Why is "if (i ++ && (i == 1))" false, where am I an int storing the value 1?

No. In C, there is a sequence point between the && operator LHS estimate and the RHS estimate, and the increment must be performed and performed before the RHS estimate. Thus, i++ is executed (equivalent to i++ != 0 ), and the increment is completed (and the expression evaluates to true), therefore, by the time RHS is evaluated, i == 2 and, therefore, the general expression is false, and you will get “No”. If the &HS of the && operator evaluates to false (0), the RHS will not be evaluated due to the "short circuit" property of the && operator.

Only a few operators have the property of having a sequence point between the LHS and RHS ratings: && , || and , (as an operator, and not as a separator in the argument list) - and there ? : ? : also, which is not a binary operator, but has a sequence point after evaluating the condition and before evaluating the expression after ? or the expression after : (from which one or the other, but not both, are always evaluated).

Operators && and || are the only operators with the "short circuit" property. RHS && is evaluated only if LHS is evaluated as true; RHS || evaluated only if the LHS evaluates to false.

Point refinement

Iwillnotexist Idonotexist correctly approved :

The C11 standard did not do away with sequence points, only the C ++ 11 standard did.

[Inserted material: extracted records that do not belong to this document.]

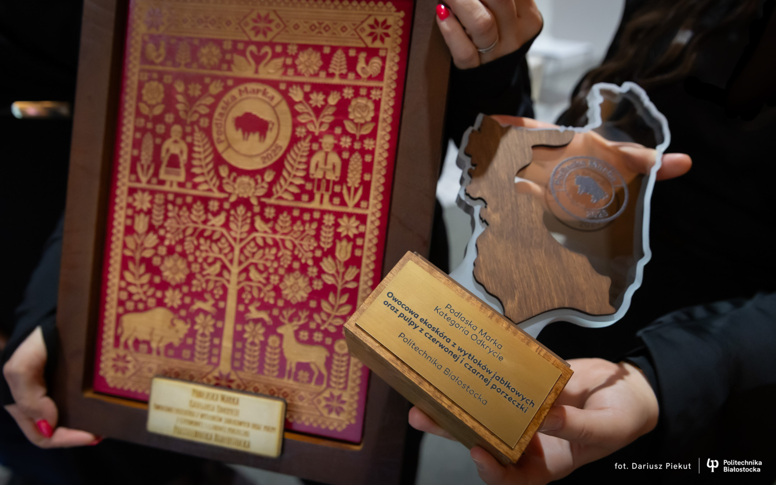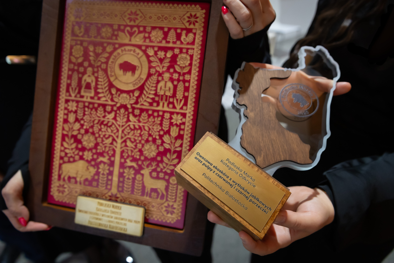 Pomysł Koła Naukowego Rolka z Wydziału Budownictwa i Nauk o Środowisku Politechniki Białostockiej zdobył w konkursie Podlaska Marka 2025 tytuł w kategorii „Odkrycie”. Owocowa ekoskóra z wytłoków jabłkowych oraz pulpy z czerwonej i czarnej porzeczki to w pełni biodegradowalny materiał pochodzenia roślinnego, stanowiący ekologiczną alternatywę dla tradycyjnej i syntetycznej skóry, który może zostać wykorzystany w skali światowej w produkcji rolnej, gdzie pozornie bezużyteczne odpady mogą trafić do gospodarki obiegu zamkniętego.
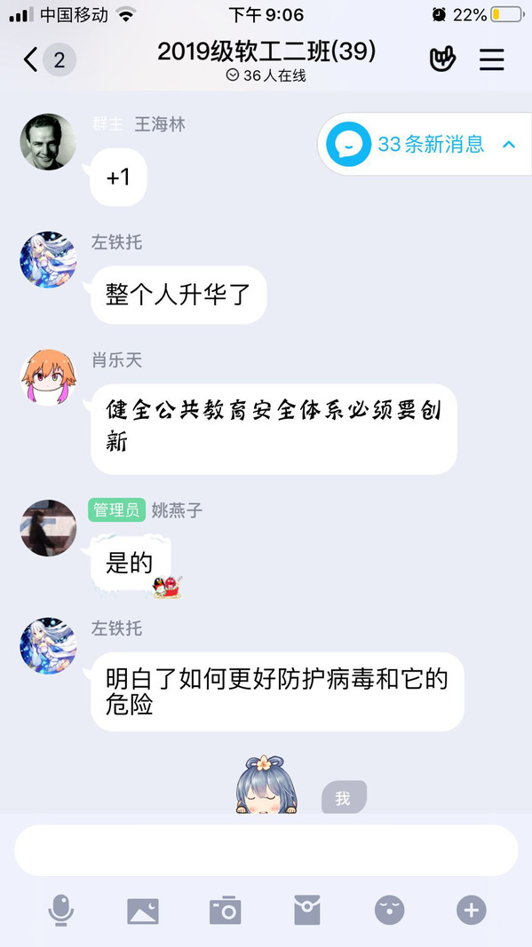 辅导员安排通知学生错峰学习,并在利用QQ群空间平台,同学们积极的发表自己的心得体会。以下为部分截图:
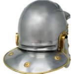 – Material: acero con herrajes de latón, forro de cuero sintético, correa para la barbilla de cuero
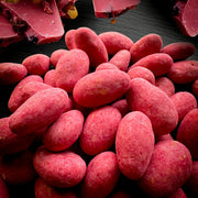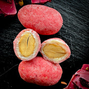 Kraukšķīgas mandeles rozā šokolādē ar aveņu garšas noti
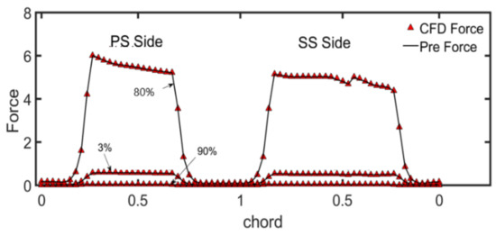 The predicted values of aerodynamic force in the XGBoost model were chosen here to compare with the data in CFD simulation at 3%, 80% and 90% of the blade span, respectively, as shown in Figure 8. It can be seen that the aerodynamic force of the blade increases sharply from the leading edge, and decreases at the trailing edge. It was found that the values of aerodynamic force appear to have significant differences along the variation of the blade span. The aerodynamic forced distributed along the direction of the blade spanwise presents a nonlinear characteristic.
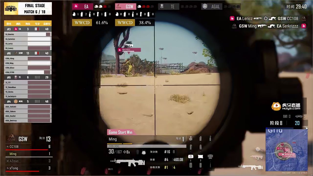 GSW戰隊最後和EA戰隊打決賽圈,最後的時候EA戰隊還把擊倒的最後一人拉起來了,最後的話也是EA戰隊5個淘汰,成功喫雞!
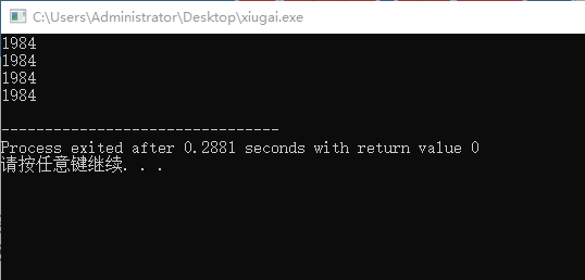 #include <stdio.h> #define N 4 int main() { char x[N] = {'1', '9', '8', '4'}; int i; char *p; // 方式1:通过数组名和下标遍历输出数组元素 for(i=0; i<N; ++i) printf("%c", x[i]); printf("\n"); // 方式2:通过指针变量遍历输出数组元素 (写法1) for(p=x; p<x+N; ++p) printf("%c", *p); printf("\n"); // 方式2:通过指针变量遍历输出数组元素(写法2) p = x; for(i=0; i<N; ++i) printf("%c", *(p+i)); printf("\n"); // 方式2:通过指针变量遍历输出数组元素(写法3) p = x; for(i=0; i<N; ++i) printf("%c", p[i]); printf("\n"); return 0; }
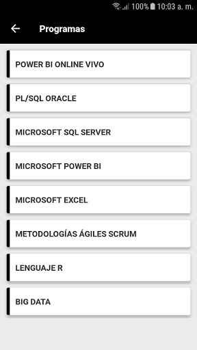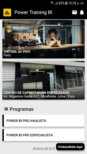 La aplicación móvil de Power Training BI permitirá a los aspirantes visualizar las carreras ofrecidas por la institución, de igual forma los estudiantes podrán visualizar sus notas, su horario de clase, interactuar por medio de las aulas virtuales y recibir notificaciones.
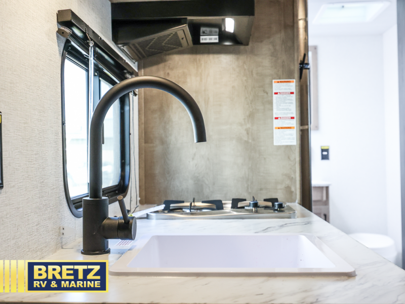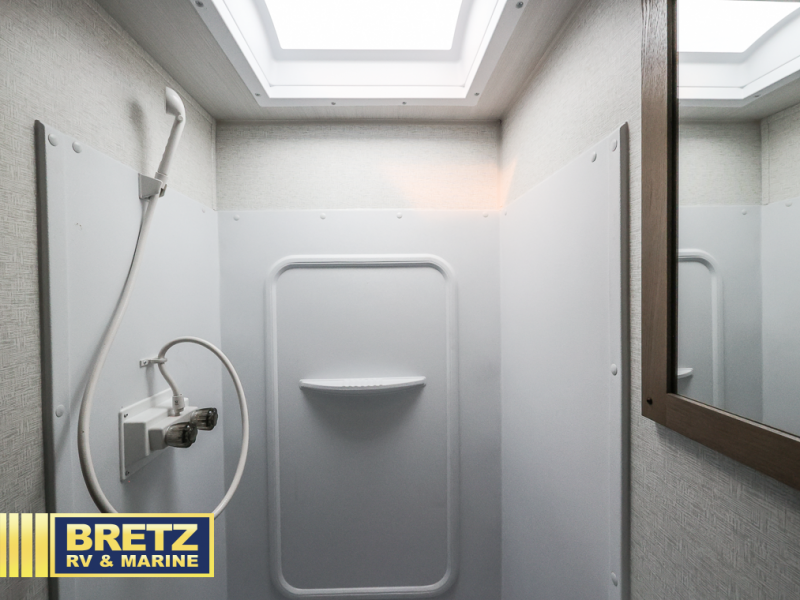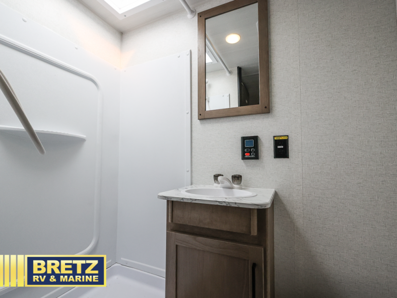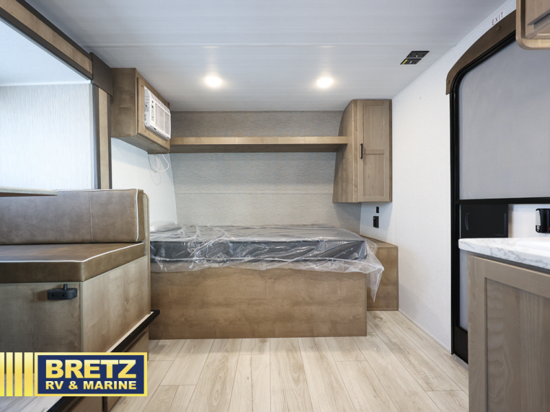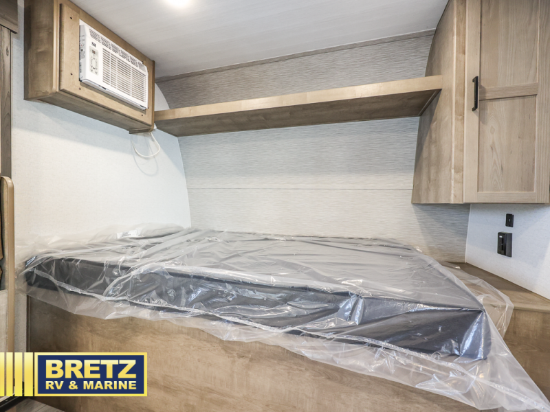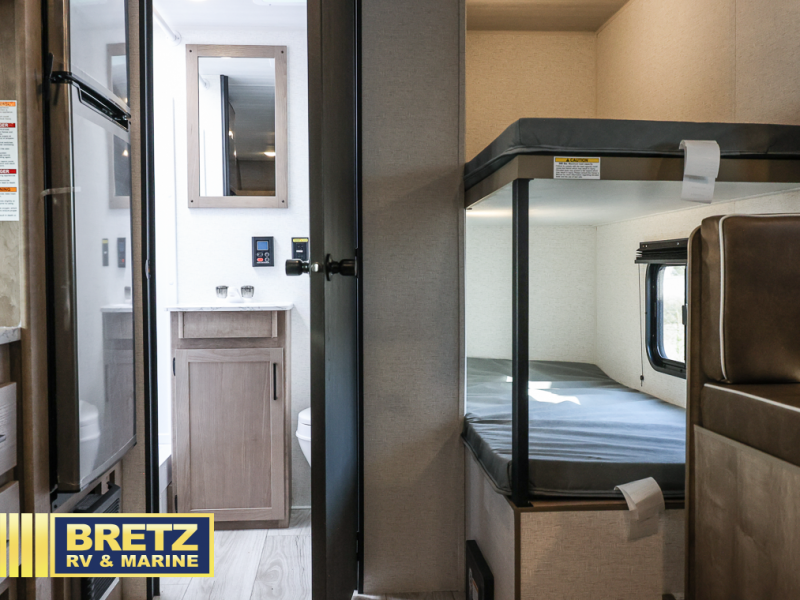 When you say "camping" your kids will immediately think about sleeping on the bunk beds and playing outdoors! There is something about planning the trip that gets everyone excited, and once at your campsite, the excitement grows. You will have your own bed up front as well as a closet and nightstand for your things. The booth dinette doubles as sleeping space and includes drawers for storage, plus the slide provides more floor space. The cook can make warm meals in the galley kitchen, and the full bathroom will keep everyone refreshed and ready for the next day.
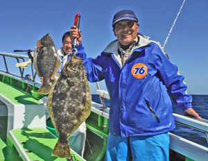 船長の計らいで、1時間延長して、午後1時までポイント移動や流し替えをして、どうにかほとんどの人が、本命ヒラメの釣果を得ました。
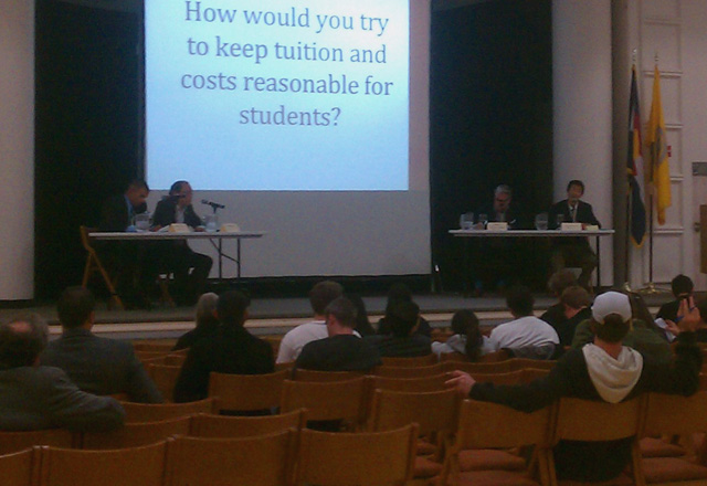 A sparse crowd in the Glenn Miller Ballroom listens to CU Regents Stephen Ludwig (D) and Brian Davidson (R) debate Wednesday night. (CU Independent/Alison Noon)
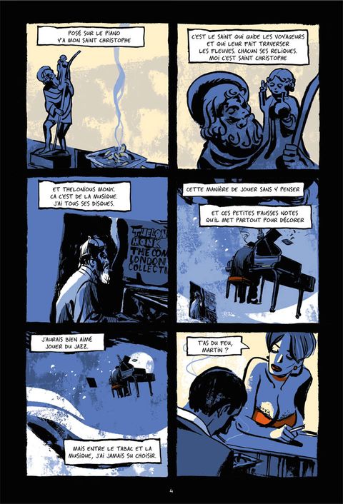 Quand un pianiste solitaire s'acoquine à une strip-teaseuse solaire... un road movie existentiel plein d'élégance et d'aventure, au graphisme remarquable... Martin est pianiste dans un bar à strip-tease. Un bon job, diront certains ! Si ce n'est que Martin est plus du genre à s'absorber dans ses feuilles de partitions et ses volutes de cigarettes que dans l'effeuillage fumeux des filles sur scène ! Ce qui convient parfaitement à Monsieur Frognard, le gérant de la boîte.Trop ravi que son pianiste ait plus les yeux sur son clavier que sur la symphonie de magouilles dont il est le chef d'orchestre... Jusqu'au jour où la sublime Jeanne, l'effeuilleuse vedette de la revue, propose à Martin de tout plaquer pour partir à l'aventure dans la DS du patron... Un pianiste lunaire. Une strip-teaseuse terre-à-terre. Un gros magot planqué dans le coffre de la DS. L'escapade romantique ne n'annonce pas des plus reposantes... Interprétée par Olivier Balez et Arnaud Le Gouefflec, Toplessest une balade en terres d'élégance et de polar sur un air de Theolonious Monk. Un road-movie tout à tour contemplatif et brûlant de sentiments contrastés. Une véritable réussite graphique et narrative.
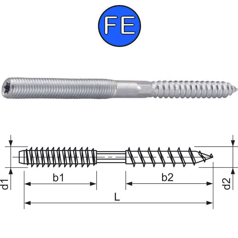 Stojni vijak 10 x 180 Torx, cinkan, s površino za privijanje-Montažni vijaki se uporabljajo predvsem tam kjer je potrebna povezava med grobim navojem (lesni navoj in navoj za vložke) in metričnim navojem.

C ++ 11 (ISO / IEC 14882: 2011) states:

1.9 Program Execution

¶13. The previously segmented segment is an asymmetric, transitive, pairwise relation between estimates made by one (1.10), which causes a partial order among these estimates. For any two evaluations, A and B, if A is sequenced to B, then the execution of A must precede the execution of B. If A is not sequenced to B and B is not sequenced to A, then A and B are not affected. [Note: Performing non-overlapping scores may overlap. -end note] Scores A and B are indefinitely sequenced when either A is sequenced before B or B is sequenced to A, but that is not indicated. [Note: vaguely sequenced estimates cannot overlap, but either can be performed first. -end note]

The term “sequence point” does not appear at all in C ++ 11 (the only match is “sequence pointer”).

C11 (ISO / IEC 9899: 2011) states:

5.1.2.3 program execution

¶3. The previously segmented segment is an asymmetric, transitive, pairwise relation between estimates performed by a single thread, which causes a partial order among these estimates. For any two evaluations, A and B, if A is sequenced before B, then the execution of A precedes the execution of B. (Conversely, if A is sequenced to B, then B is the sequence after A.) If A is not sequenced before or after B, then A and B are unsequenced. Scores A and B are indefinitely sequenced when A is sequenced either before or after B, but that is not indicated. ¹³⁾ . The presence of a sequence point between the evaluation of expressions A and B implies that each calculation of the value and the side effect associated with A are sequenced before each value and the side effect associated with B. (A brief description of the points in the sequence is given in Appendix C.)

¹³⁾ Performing non-referential estimates can alternate. Uncertainly ordered estimates cannot be interleaved, but can be performed in any order.

So, C11 retains the points of the sequence, but adds the “previously sequenced” and related terms, using essentially the same terminology as C ++ 11.

I think 1 & 1 = 1 and 1 & 0 = 0 are clear to you. Michael L. the answer seems good to me. But still, I'll try to figure it out a bit. Here is a link that provides a list of operator priorities:

http://www.difranco.net/compsci/C_Operator_Precedence_Table.htm

If you follow this link and refer to this table, you will find out that && has left to the right associativity. So first I get 2 AFTER the left side (Sruit tried to show this diagram), and then for the right side I == 1 the check is done. We can verify this by writing code like the one below:

This code explains that i = 2 when the thread of execution reaches i == 1.

 #include <stdio.h> int main() { int i = 1; if (i++ && (printf("%d\n",i))) printf("Yes\n"); else printf("No\n"); return 0; } 

So the output is:

2

Yes

So 2 == 1 turns out to be false, and ultimately the answer is surprising! The right side bracket gives 0 and the left side 1, so 1 && 0 = 0. I think this is fair enough to understand.